Second, the Exchange proposes to adopt new PCX Rules 10.13(h)(41) and 10.13(k)(i)(41) into the MRP and RFS for failure to quote markets within the maximum quote spread differentials pursuant to PCX Rule 6.37(b)(1) or failure to disseminate quotations accurately pursuant to 6.82(c)(1). PCX Rule 6.37(b)(1) states that a Market Maker is expected to bid/offer so as to create differences of no more than: .25 between the bid and the offer for each option contract for which the bid is less than $2, no more than .40 where the bid is $2 or more but does not exceed $5, no more than .50 where the bid is more than $5 but does not exceed $10, no more than .80 where the bid is more than $10 but does not exceed $20, and, no more than $1 when the last bid is $20.10 or more, provided that the Options Floor Trading Committee may establish differences other than the above for one or more series or classes of options. PCX Rule 6.82(c)(1) states that Lead Market Makers are required to disseminate market quotations accurately. A member who fails to quote markets within the maximum quote spread differentials or fails to disseminate market quotations accurately will be subject to disciplinary action pursuant to PCX Rule 10.13(h)(41). The proposed fines are $500 for a first violation, $1,000 for a second, and $2,000 for a third.

Third, the Exchange proposes to adopt new PCX Rules 10.13(h)(42) and 10.13(k)(i)(42) for trading either before the opening or after the close of market pursuant to PCX Rule 4.2. PCX Rule 4.2 states that trading shall be limited to the hours during which the Exchange is open for the transaction of business. No member shall make any bid, offer or transaction upon the Floor before the official opening of the Exchange or after the closing of the market.
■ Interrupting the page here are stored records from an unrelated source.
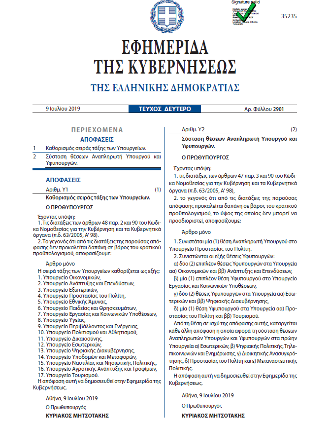 Με απόφαση του πρωθυπουργού Κυριάκου Μητσοτάκη καθορίστηκε σήμερα η σειρά τάξης των υπουργείων.
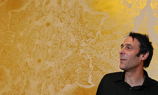 for his main piece in the show at tate britain he has created a whole wall with a symmetrical abstract design that looks like a giant rorschach test.
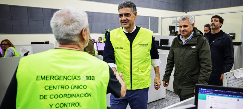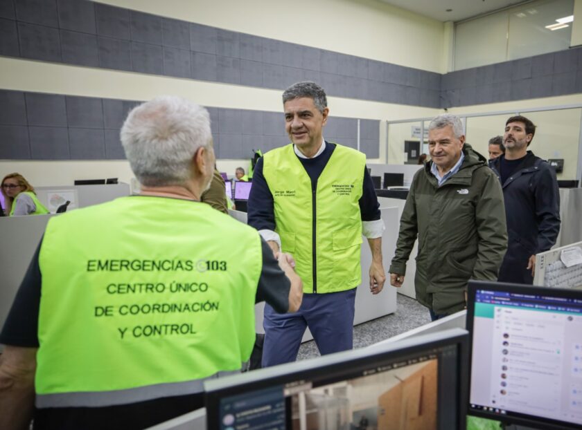 “Tuvimos una tormenta poco habitual y muy fuerte, cayeron más de 170 milímetros, en algunos barrios hasta 190. Y la Ciudad aguantó bien, desplegamos más de 2.300 agentes de manera preventiva, revisando sumideros, en plena tormenta, con todas las áreas de Gobierno, de Seguridad, Espacio Público, Orden Público, Defensa Civil, Bomberos y Policía. Y obviamente, todo lo que tiene que ver con pluviales que garantizan que el agua pueda escurrir”, describió el Jefe de Gobierno, Jorge Marcri, en el Centro Único de Coordinación y Control (CUCC) de Chacarita, donde supervisó junto a su equipo el paso de la tormenta por la Ciudad. Lo acompañaron el jefe de Gabinete de Ministros, Gabriel Sánchez Zinny; el ministro de Espacio Público e Higiene Urbana, Ignacio Baistrocchi; y el ministro de Seguridad, Horacio Giménez.

Under the proposed rule, a member that trades either before the opening or after the close of market will be subject to disciplinary action pursuant to PCX Start Printed Page 64184Rule 10.13(h)(42). The proposed fines are $1,000 for a first violation, $2,500 for a second, and $3,500 for a third.

Fourth, the Exchange proposes to adopt new PCX Rules 10.13(h)(43) and 10.13(k)(i)(43) into the MRP and RFS for violation of the two-sided quotation restriction for RMMs. PCX Rule 6.37(h)(5) restricts RMMs from entering two-sided quotations in options issues that are not included in their primary appointments. RMMs are, however, permitted to enter single-sided quotes and multiple orders to buy and sell the same option issues. Under the proposed rule, a RMM that enters a two-sided quotation in options issues outside of their primary appointments will be subject to disciplinary action pursuant to PCX Rule 10.13(h)(43). The proposed fines are $500 for a first violation, $1,000 for a second, and $2,500 for a third.

Fifth, the Exchange proposes to adopt new PCX Rules 10.13(h)(44) and 10.13(k)(i)(44) for failure to maintain an accurate record of orders. PCX Rule 6.68 requires members to maintain and preserve a written record of every order for a period of time specified by the Commission. The proposed fines are $500 for a first violation, $1,000 for a second, and $2,500 for a third.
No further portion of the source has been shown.